Watching millions of people wake up to anti-Blackness, police brutality and racism is complex for someone used to explaining those issues to much smaller audiences. Cicely Belle Blain (who uses the pronoun “they”) is the founder of Black Lives Matter Vancouver, as well as a consultant who helps businesses implement anti-racist workplace policies and practices. In other words, it’s been an intense few months.
“I’m coming down from a combination of exhilaration but also exhaustion,” says Blain (who’s on Instagram at @cicelybelle_xo). “There was a sense of urgency, with so many people emailing saying, ‘We need anti-racism workshops right now!’ ” While the requests are good for business, it can be draining to be a high-profile person in the anti-racism space as the movement gains traction.
Blain moved to Vancouver from the Netherlands about eight years ago, and founded the city’s BLM chapter in 2016. For three years, they led the organization, made media appearances and ran conferences, all while starting Cicely Blain Consulting on the side. While still a constant supporter, Blain stepped back from BLM last year to focus on growing their business.
The company offers workshops that can last anywhere from two hours to a full day: The most popular are “Intro to Racial Justice” and “Unlearning Anti-Blackness.” “We use a variety of interactive activities to get people thinking about unconscious biases . . . slavery, colonialism, microaggressions in the workplace and so on,” Blain says. “We then provide people with the tools to investigate their biases and practise inclusive language.”
Anti-racism is defined by action, not words, which is why clients are told that every aspect of a business must be turned over and exposed, from how new employees are hired, to reconsidering all policies, to ensuring that anti-racism workshops aren’t only attended by those who need them least. While the word “accountability” is on everyone’s lips right now, Blain’s work is to make sure that energy lasts. “Just because [a company] posts ‘We’re standing in solidarity with the Black community,’ it isn’t enough,” says Blain. “Success in this work is helping create and foster spaces where people feel safe and respected.”
In the battle against racism, 2020 has been a precipitous moment.
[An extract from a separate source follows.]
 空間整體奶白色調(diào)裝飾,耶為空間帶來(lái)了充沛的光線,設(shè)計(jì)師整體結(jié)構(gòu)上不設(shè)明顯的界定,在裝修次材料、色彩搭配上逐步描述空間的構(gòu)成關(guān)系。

Black people’s pain reached an excruciating new peak when Eric Garner said “I can’t breathe” in 2014; hearing George Floyd repeat those words last May triggered it anew. Now, we are looking out over a vista of hope, communication and change. But there are always clouds.
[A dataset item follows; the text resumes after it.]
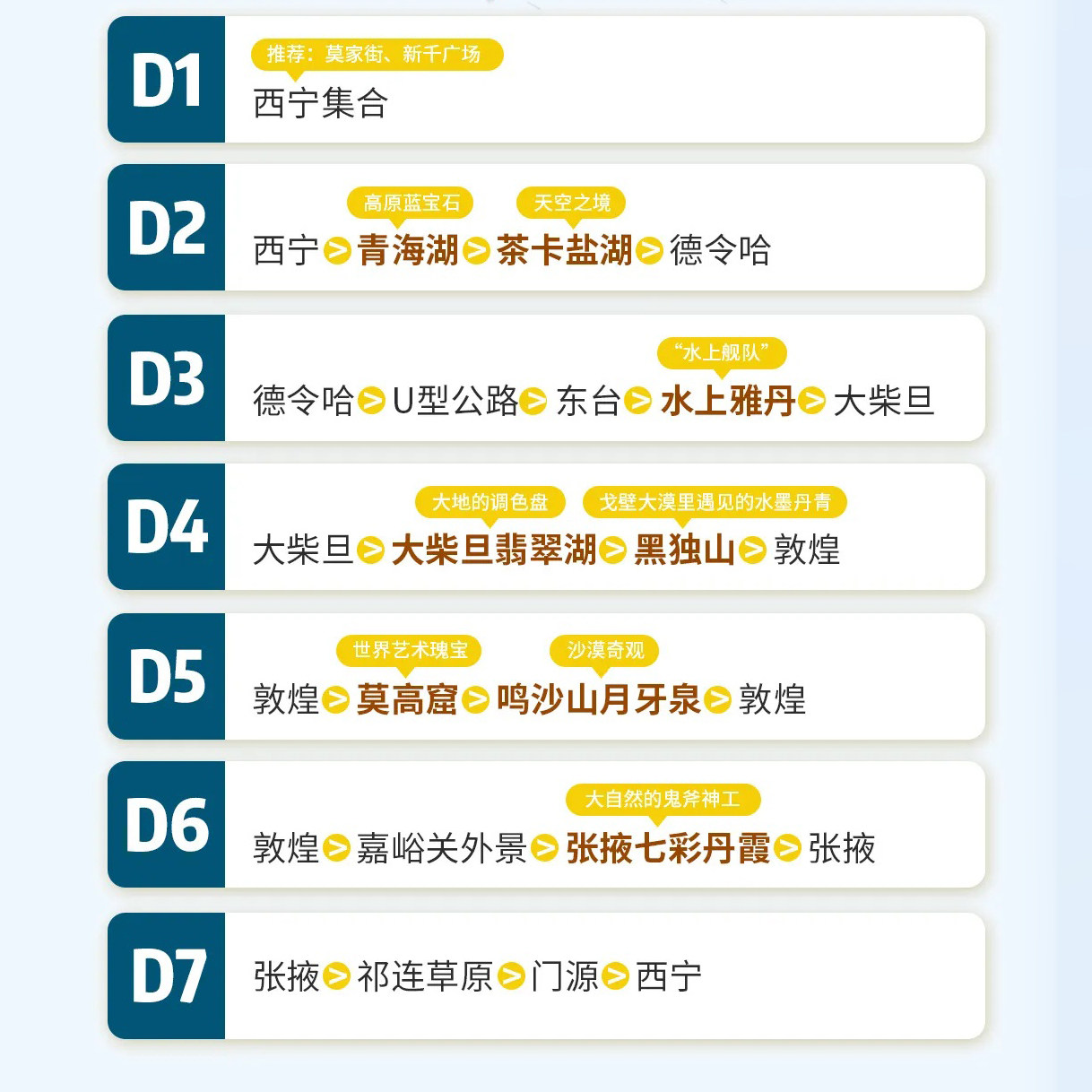 线路精心串联茶卡盐湖、敦煌鸣沙山月牙泉、张掖七彩丹霞、门源油菜花海等网红打卡地,满足差旅人士在有限时间内高效‘集章’的需求。每个目的地均预留充足拍摄与游览时间,确保您既能完成工作任务,又能收获朋友圈高赞内容,让差旅不再单调,而是充满话题性与记忆点。

“Sustainability really comes from people recognizing how deep this work needs to be,” says Blain, who also has a collection of poetry, Burning Sugar, coming out with Arsenal Pulp Press this fall. Still, this year’s protests and uprisings have normalized speaking about racism in a way that makes them hopeful. “I really like using the term ‘accomplice’—it’s a recognition that we are all involved in and impacted by systems of oppression, white supremacy and racist power structures, and therefore we’re all fighting together.”